Thank you for answering! Deja dup it's just a GUI over duplicity (https://en.wikipedia.org/wiki/Duplicity_(software)). It allows me to have encryption, differential backups and restoring files in a granular way (even from Gnome context menu) with no effort. Very pleasant experience similar to Time machine in MacOS. Anyways, I'll definitely give it a go to ZFS.

bo0tzz · on Oct 4, 2022

ZFS can do all those same things!

Octabrain · on Oct 4, 2022

I'll give it a go for sure. It's gonna be an exciting evening!

nisa · on Oct 4, 2022

using it on my notebook with native encryption and I'm quite happy - there are some things missing / work in progress for quite a while - unfortunately it looks like it's not a priority at the moment for the current sponsors or there is a lack of time - not a criticism of zfs but I'd love to see these features merged sometimes in the future:

- no overlayfs yet (https://github.com/openzfs/zfs/pull/9414) - the docker zfs driver is very slow and buggy - best to create a sparse zvol with ext4/xfs/btrfs and use this for /var/lib/docker

- no directio yet (https://github.com/openzfs/zfs/pull/10018) - not sure if this is so useful beyond specialized databases that utilize that.

- no idmapped mounts yet (https://github.com/openzfs/zfs/pull/13671) - this would be useful for lxc/lxd

- async dmu (https://github.com/openzfs/zfs/pull/12166) - complicated patchset would transform a lot of operations into callbacks and probably increase performance for a lot of workloads.

- namespace delegation was recently merged: https://github.com/openzfs/zfs/commit/4ed5e25074ffec266df385... with idmapped mounts it should be possible to have zfs datasets / snapshots inside a unprivileged lxc-container which could be super cool for lightweight container things.

caveats:

- no swap on zvol at the moment (https://github.com/openzfs/zfs/issues/7734) - this is some hairy memory allocation problem beneath it and I don't really use swap - just something to be aware off.

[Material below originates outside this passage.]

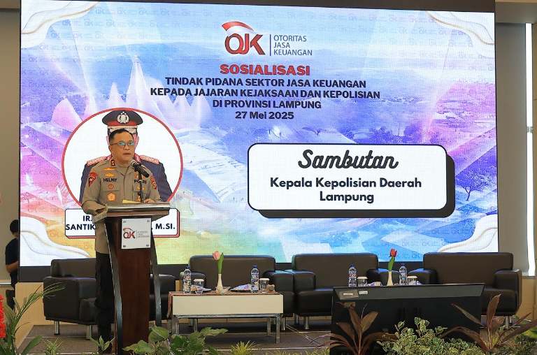 Dalam sambutannya, Irjen Pol Helmy Santika selaku Kapolda Lampung menyampaikan, “Kejahatan di sektor jasa keuangan semakin kompleks dan berdampak luas terhadap stabilitas ekonomi masyarakat. Oleh karena itu, pemahaman mendalam tentang modus operandi, regulasi, dan langkah pencegahan menjadi kunci bagi jajaran kepolisian dalam upaya penegakan hukum”,

- arc vs. pagecache / performance (https://github.com/openzfs/zfs/issues/13736) - zfs is usally very fast but there are some edge-cases where it's not at the moment.

infogulch · on Oct 4, 2022

> namespace delegation

That's great. I had a conversation with the owner of rsync.net about why they require zfs-enabled customers run on a separate bhyve VM (thus requiring a large minimum). Iirc it boils down to zfs destroy permissions somehow affecting other tenants. I see mention of zfs destroy in the linked patch, I'm curious how that relates to rsync's experience and requirements.

https://news.ycombinator.com/item?id=32019105

trissylegs · on Oct 4, 2022

I'm using ZFS on my desktop (Arch Linux). 1 'Pool' is just an SSD that my OS root drive. (Booting off ZFS is a bit harder but putting /boot on your ESP works).

And a hard disk array with 4 drives in raidz (like raid 5).

Main advantages: * I moved my root drive to another drive and did it entirely online without needing to cp or dd everything just add new drive to pool, remove old drive (and wait until it's done, but you can keep using it while it copies) * It's way faster than MD, md spends 10s of hours initializing or resilivering big drives. zfs just formats it and your good to go. * Subvolumes and snapshops are great. You can give a folder different file system properties. (Eg make /var/log compressed and disable it for /var/cache/pacman because it's already compressed) * Docker is quicker. * Although BTRFS has snapshots I do find ZFS's more intuitive. (eg subvolume can be nomount in ZFS which allows you to organize and apply options recursively easier)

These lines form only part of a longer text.